● Exercise
Please copy exactly the lines from the one containing "5 PCS Halloween" to the end of the entries, both included, and nothing else. Omit every picture.

⟨

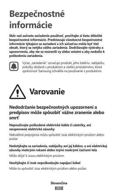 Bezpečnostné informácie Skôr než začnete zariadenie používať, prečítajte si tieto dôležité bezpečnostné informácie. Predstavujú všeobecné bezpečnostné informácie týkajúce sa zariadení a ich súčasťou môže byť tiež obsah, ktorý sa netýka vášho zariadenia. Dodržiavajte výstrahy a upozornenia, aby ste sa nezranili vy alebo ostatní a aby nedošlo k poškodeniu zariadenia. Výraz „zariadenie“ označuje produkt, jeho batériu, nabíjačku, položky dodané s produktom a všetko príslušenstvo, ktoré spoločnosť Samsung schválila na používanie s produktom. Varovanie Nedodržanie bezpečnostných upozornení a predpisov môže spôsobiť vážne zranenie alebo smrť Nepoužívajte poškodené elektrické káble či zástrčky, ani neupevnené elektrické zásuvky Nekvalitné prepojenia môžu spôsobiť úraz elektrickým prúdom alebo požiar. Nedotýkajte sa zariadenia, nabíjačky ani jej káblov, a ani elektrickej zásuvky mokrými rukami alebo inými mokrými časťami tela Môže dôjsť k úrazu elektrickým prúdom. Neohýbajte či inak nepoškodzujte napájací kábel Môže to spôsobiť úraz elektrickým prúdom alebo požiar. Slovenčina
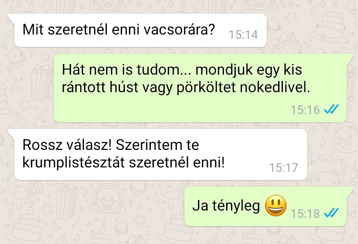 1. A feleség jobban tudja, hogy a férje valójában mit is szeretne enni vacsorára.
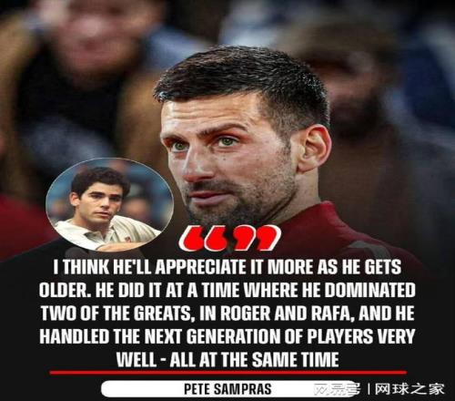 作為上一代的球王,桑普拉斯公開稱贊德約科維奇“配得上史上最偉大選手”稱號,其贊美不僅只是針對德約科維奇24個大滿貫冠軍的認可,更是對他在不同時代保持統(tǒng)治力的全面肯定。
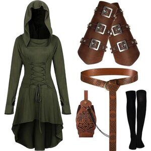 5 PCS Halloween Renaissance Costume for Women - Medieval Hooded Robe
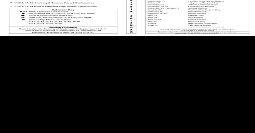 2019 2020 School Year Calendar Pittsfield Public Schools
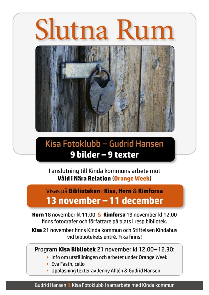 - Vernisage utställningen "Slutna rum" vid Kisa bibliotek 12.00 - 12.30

⟩

● Answer for this exercise
 5 PCS Halloween Renaissance Costume for Women - Medieval Hooded Robe
 2019 2020 School Year Calendar Pittsfield Public Schools
 - Vernisage utställningen "Slutna rum" vid Kisa bibliotek 12.00 - 12.30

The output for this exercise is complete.